▸ Task inputs:
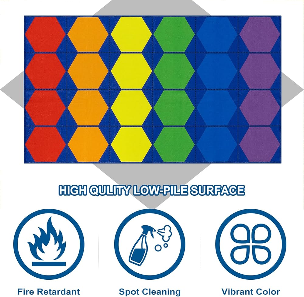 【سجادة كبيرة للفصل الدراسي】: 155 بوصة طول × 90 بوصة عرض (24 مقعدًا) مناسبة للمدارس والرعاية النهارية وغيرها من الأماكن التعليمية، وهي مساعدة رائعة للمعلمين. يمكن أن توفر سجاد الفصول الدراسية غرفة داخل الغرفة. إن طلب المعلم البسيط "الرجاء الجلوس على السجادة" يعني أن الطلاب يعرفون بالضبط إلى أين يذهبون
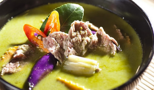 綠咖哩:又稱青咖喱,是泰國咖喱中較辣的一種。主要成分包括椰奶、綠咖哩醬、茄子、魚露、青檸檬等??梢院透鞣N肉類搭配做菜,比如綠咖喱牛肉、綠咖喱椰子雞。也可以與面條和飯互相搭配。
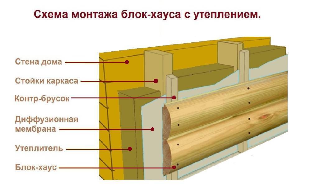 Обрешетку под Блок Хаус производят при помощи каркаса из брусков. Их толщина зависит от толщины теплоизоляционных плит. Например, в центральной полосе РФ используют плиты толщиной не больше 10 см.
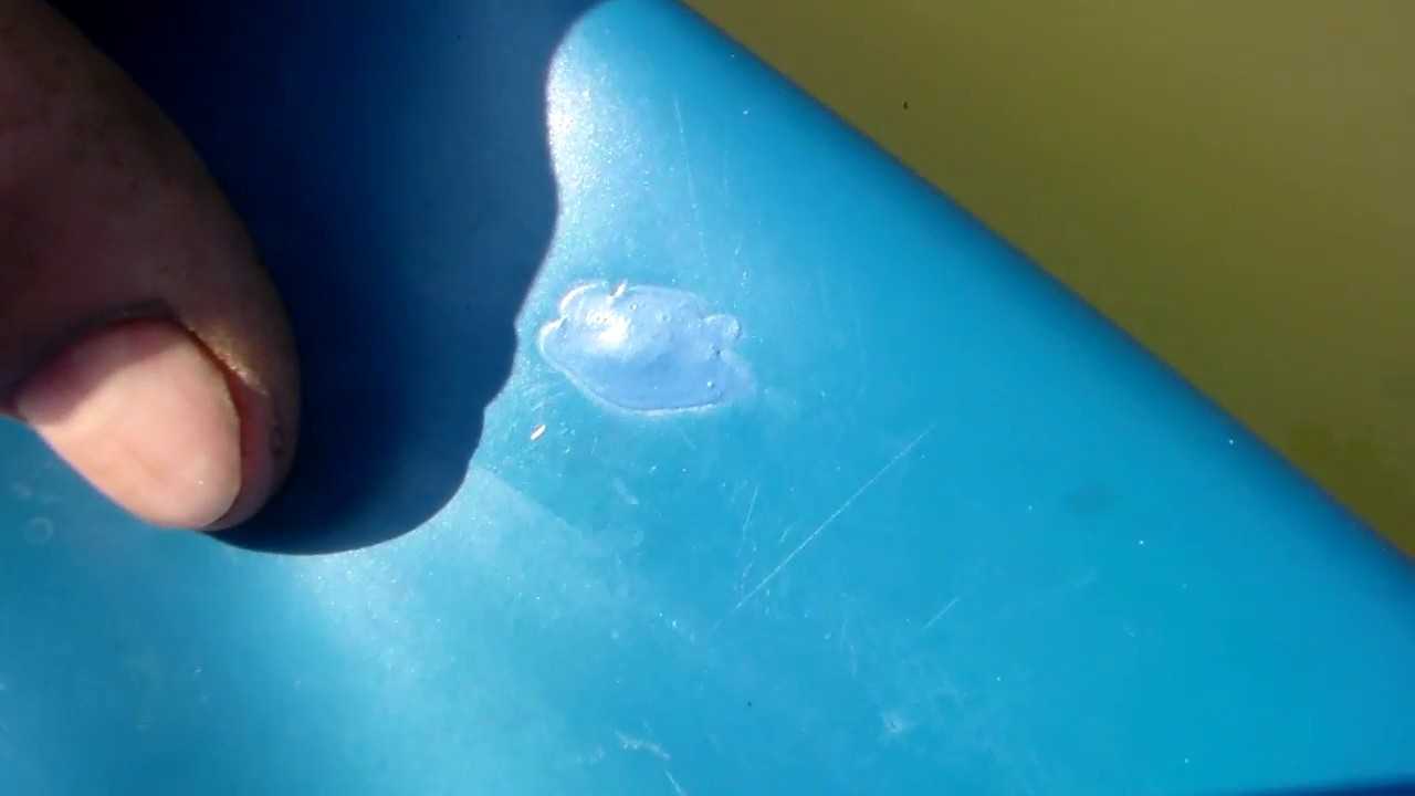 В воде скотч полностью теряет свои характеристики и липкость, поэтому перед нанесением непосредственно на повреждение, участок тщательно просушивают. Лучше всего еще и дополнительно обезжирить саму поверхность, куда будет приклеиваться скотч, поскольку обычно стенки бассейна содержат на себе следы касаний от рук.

...

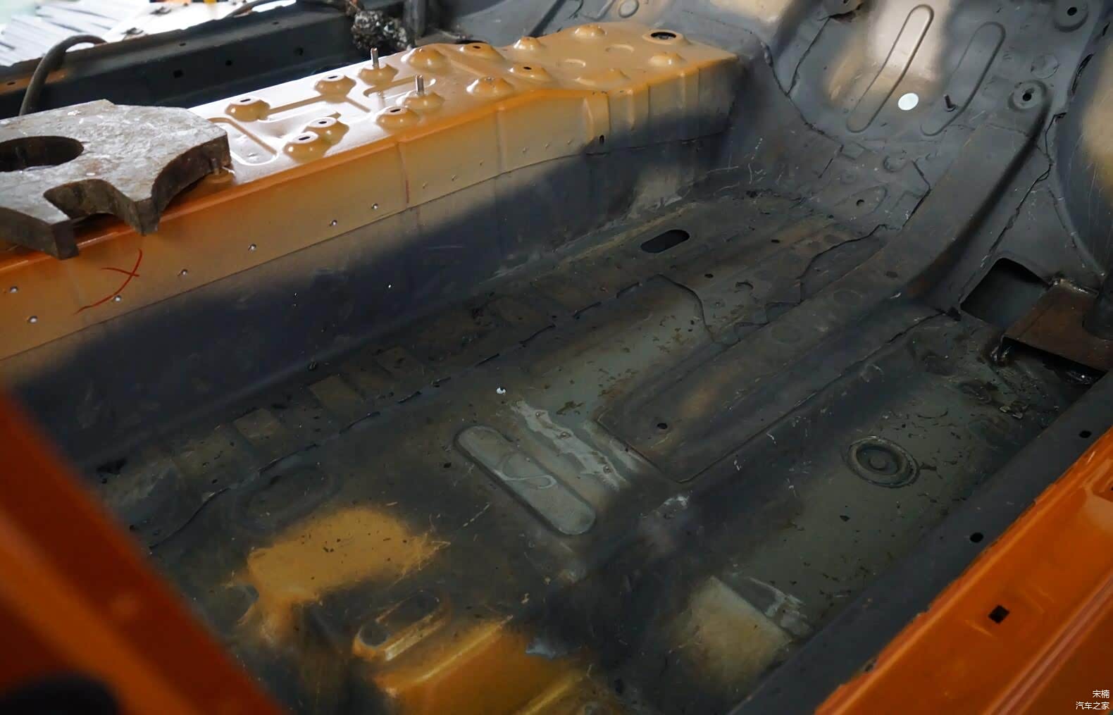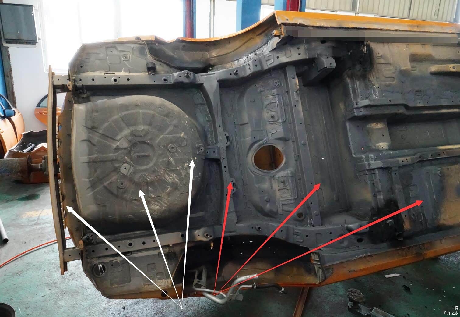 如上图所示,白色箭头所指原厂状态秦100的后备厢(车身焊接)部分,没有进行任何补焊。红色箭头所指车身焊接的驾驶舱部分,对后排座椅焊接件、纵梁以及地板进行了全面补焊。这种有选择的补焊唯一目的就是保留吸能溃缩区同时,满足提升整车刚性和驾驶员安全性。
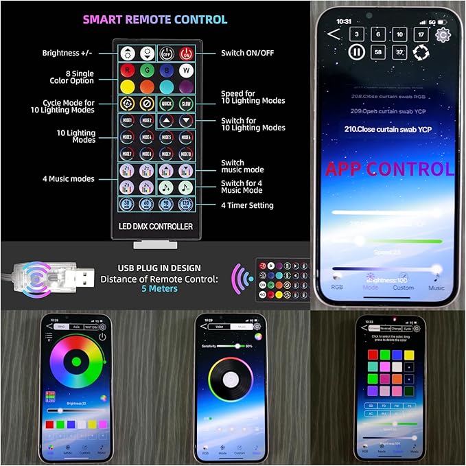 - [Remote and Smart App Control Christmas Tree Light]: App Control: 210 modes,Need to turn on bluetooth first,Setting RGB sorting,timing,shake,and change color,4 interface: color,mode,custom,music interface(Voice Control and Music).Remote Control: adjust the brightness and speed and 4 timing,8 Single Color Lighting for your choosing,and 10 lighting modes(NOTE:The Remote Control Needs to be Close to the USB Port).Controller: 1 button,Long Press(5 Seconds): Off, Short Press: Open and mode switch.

==

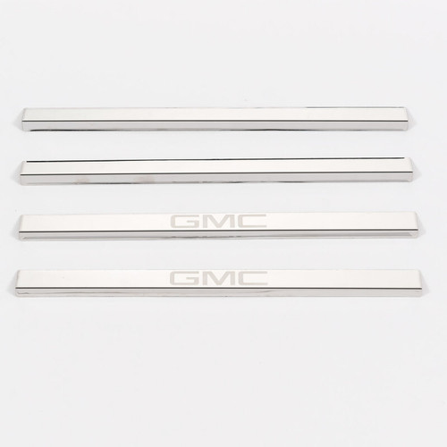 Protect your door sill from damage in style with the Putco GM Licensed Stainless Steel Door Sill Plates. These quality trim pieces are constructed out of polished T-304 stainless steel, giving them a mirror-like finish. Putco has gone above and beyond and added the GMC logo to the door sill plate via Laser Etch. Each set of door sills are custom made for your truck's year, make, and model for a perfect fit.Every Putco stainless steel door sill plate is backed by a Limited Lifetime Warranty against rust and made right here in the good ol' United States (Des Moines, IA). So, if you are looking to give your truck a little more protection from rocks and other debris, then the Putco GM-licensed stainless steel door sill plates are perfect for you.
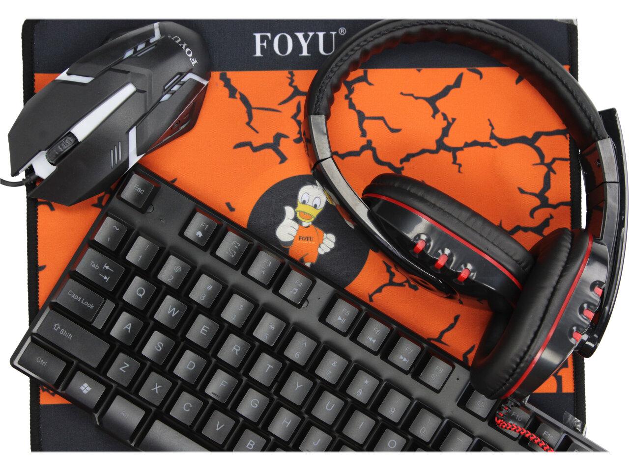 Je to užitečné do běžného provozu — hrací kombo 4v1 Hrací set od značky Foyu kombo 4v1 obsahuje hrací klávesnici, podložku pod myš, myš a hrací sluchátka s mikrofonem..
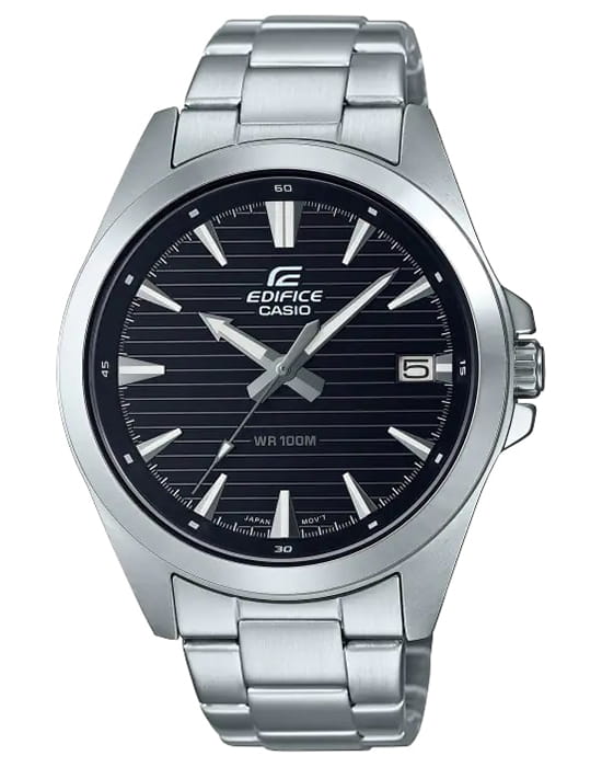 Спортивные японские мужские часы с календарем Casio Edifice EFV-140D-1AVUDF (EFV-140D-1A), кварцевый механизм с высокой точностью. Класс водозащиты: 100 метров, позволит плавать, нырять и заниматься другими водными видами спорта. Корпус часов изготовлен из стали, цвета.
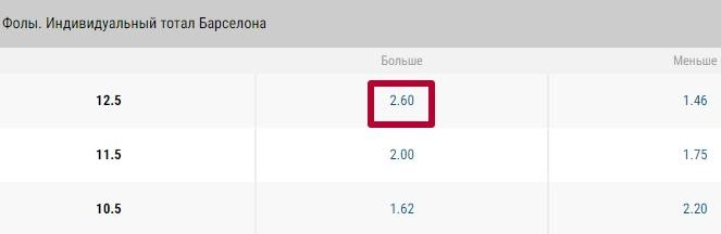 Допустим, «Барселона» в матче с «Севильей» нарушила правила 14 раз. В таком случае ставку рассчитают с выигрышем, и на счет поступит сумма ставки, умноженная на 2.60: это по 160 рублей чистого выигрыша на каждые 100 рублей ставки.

▸ Your assignment:
In the records above, find the line with "綠咖哩:又稱青咖喱,是泰國咖" and the line with "В воде скотч", then restate word for word only those two lines and all lines between, omitting pictures.

▸ Answer area:
 綠咖哩:又稱青咖喱,是泰國咖喱中較辣的一種。主要成分包括椰奶、綠咖哩醬、茄子、魚露、青檸檬等??梢院透鞣N肉類搭配做菜,比如綠咖喱牛肉、綠咖喱椰子雞。也可以與面條和飯互相搭配。
 Обрешетку под Блок Хаус производят при помощи каркаса из брусков. Их толщина зависит от толщины теплоизоляционных плит. Например, в центральной полосе РФ используют плиты толщиной не больше 10 см.
 В воде скотч полностью теряет свои характеристики и липкость, поэтому перед нанесением непосредственно на повреждение, участок тщательно просушивают. Лучше всего еще и дополнительно обезжирить саму поверхность, куда будет приклеиваться скотч, поскольку обычно стенки бассейна содержат на себе следы касаний от рук.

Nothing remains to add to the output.